──────── Input data ────────

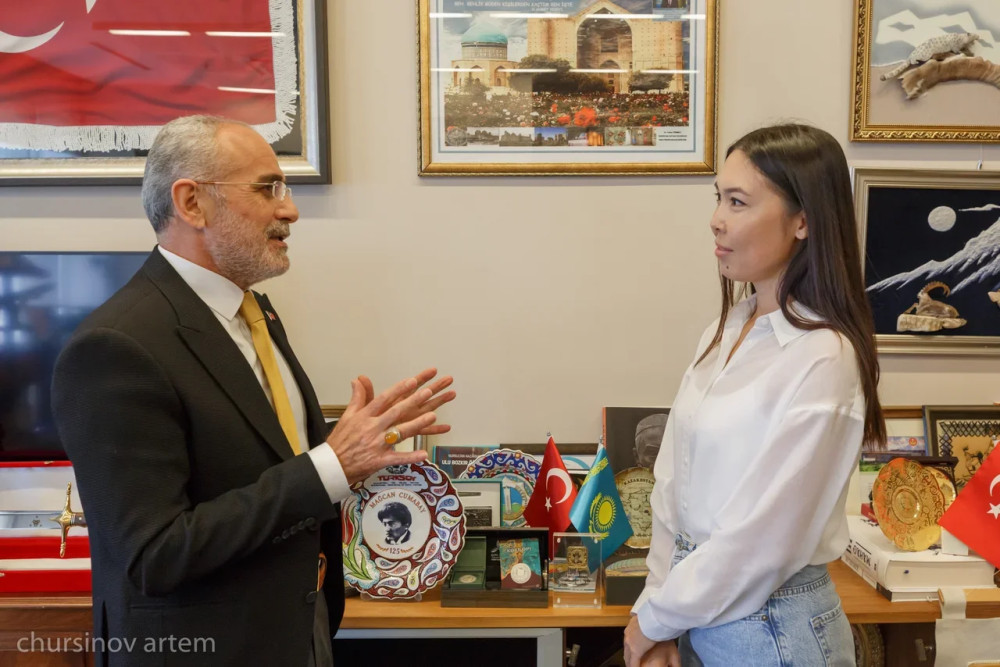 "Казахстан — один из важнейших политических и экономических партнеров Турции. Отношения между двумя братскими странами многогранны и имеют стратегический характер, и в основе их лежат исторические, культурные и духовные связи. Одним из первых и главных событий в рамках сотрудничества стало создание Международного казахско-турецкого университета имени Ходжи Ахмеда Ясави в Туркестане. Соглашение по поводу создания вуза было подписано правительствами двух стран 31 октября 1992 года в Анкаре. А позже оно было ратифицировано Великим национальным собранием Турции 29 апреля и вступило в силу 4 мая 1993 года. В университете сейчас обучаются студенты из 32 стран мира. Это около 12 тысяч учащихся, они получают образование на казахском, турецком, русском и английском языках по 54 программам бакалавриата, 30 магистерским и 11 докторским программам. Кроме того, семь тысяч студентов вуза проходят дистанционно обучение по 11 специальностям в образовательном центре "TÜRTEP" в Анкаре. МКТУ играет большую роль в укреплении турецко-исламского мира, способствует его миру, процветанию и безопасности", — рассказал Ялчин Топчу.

────────
──────── Input data ────────

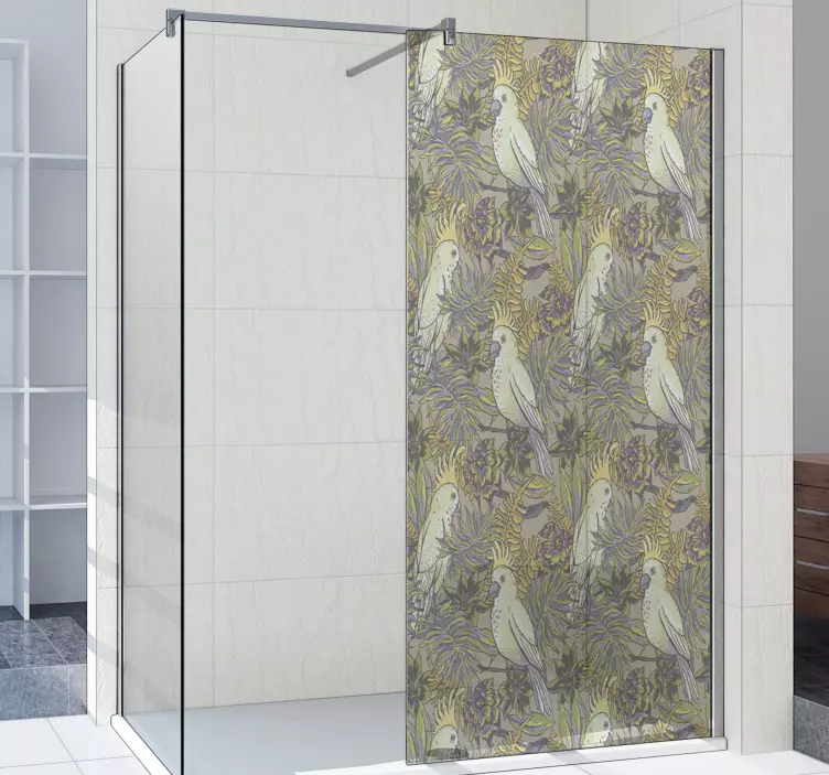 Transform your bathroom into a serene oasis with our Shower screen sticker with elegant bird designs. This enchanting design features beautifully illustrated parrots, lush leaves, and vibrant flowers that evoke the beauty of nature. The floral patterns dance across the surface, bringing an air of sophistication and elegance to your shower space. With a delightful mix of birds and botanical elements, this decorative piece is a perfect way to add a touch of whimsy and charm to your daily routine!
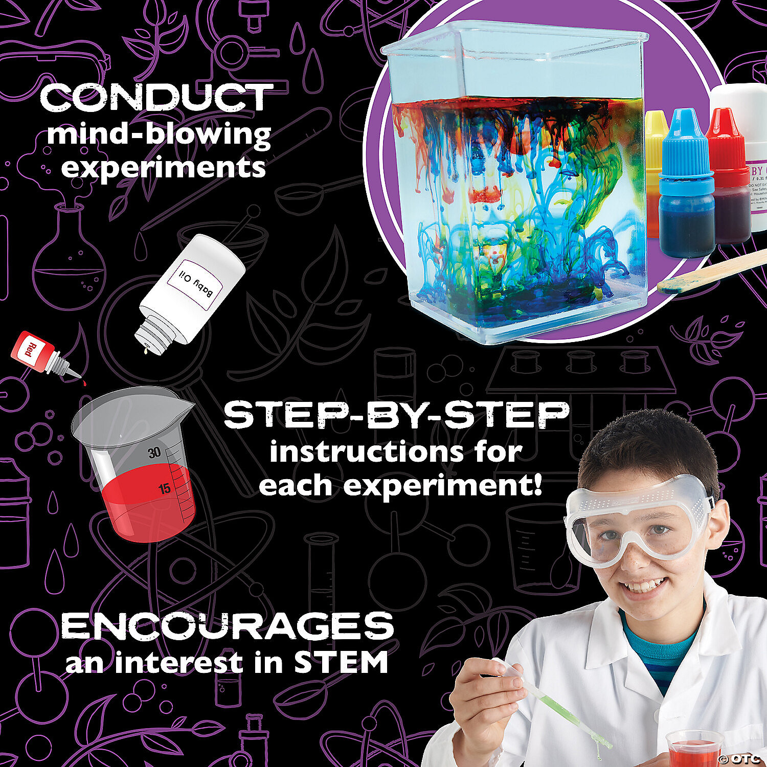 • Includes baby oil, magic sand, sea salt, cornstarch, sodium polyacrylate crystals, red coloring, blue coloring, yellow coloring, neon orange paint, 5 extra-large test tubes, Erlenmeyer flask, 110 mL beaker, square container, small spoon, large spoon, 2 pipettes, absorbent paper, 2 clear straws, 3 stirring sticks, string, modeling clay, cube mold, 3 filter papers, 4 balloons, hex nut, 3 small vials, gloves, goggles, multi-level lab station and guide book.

────────
──────── Input data ────────

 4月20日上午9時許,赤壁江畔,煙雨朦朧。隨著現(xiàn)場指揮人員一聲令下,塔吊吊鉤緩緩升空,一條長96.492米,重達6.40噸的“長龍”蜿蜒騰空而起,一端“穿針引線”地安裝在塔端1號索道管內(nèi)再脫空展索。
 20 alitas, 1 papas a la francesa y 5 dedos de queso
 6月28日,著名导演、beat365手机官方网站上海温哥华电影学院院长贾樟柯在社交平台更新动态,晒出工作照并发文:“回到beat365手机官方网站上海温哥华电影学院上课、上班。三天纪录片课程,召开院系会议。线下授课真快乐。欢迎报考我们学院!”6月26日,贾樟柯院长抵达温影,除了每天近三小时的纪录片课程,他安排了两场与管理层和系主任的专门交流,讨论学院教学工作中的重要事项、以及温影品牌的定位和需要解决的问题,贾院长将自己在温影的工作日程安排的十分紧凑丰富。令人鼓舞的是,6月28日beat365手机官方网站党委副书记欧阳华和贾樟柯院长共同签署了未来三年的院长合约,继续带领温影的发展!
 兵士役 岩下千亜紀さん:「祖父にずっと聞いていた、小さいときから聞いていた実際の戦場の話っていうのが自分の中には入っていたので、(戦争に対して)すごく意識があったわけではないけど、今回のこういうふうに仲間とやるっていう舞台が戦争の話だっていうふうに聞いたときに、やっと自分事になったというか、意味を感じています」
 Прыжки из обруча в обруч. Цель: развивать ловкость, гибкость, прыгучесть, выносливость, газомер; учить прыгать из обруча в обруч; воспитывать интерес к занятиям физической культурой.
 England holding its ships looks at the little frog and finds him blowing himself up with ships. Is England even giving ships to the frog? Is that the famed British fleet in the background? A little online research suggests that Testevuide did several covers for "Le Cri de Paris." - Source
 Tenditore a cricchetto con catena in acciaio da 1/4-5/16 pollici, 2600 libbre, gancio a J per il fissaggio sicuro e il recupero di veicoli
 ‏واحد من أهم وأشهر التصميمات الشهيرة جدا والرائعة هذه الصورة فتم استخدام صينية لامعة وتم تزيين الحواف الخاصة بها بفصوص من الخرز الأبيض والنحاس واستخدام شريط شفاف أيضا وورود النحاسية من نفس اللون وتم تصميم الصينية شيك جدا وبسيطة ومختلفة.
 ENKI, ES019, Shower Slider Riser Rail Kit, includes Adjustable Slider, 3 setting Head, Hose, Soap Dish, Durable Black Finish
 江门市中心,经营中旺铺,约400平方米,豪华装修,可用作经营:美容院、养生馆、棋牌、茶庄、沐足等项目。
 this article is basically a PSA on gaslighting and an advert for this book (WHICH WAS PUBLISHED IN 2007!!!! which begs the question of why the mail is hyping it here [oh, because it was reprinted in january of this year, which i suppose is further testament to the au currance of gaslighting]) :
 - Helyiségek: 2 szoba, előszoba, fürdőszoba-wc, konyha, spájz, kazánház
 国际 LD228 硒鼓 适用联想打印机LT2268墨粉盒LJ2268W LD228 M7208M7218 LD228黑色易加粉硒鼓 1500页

────────

## Assignment:
Taking the listing above as the source, transcribe only the lines starting at the line with "ENKI, ES019, Shower" and going through the line with "国际 LD228 硒鼓", unaltered and with both ends included.

## Solution for this problem:
 ENKI, ES019, Shower Slider Riser Rail Kit, includes Adjustable Slider, 3 setting Head, Hose, Soap Dish, Durable Black Finish
 江门市中心,经营中旺铺,约400平方米,豪华装修,可用作经营:美容院、养生馆、棋牌、茶庄、沐足等项目。
 this article is basically a PSA on gaslighting and an advert for this book (WHICH WAS PUBLISHED IN 2007!!!! which begs the question of why the mail is hyping it here [oh, because it was reprinted in january of this year, which i suppose is further testament to the au currance of gaslighting]) :
 - Helyiségek: 2 szoba, előszoba, fürdőszoba-wc, konyha, spájz, kazánház
 国际 LD228 硒鼓 适用联想打印机LT2268墨粉盒LJ2268W LD228 M7208M7218 LD228黑色易加粉硒鼓 1500页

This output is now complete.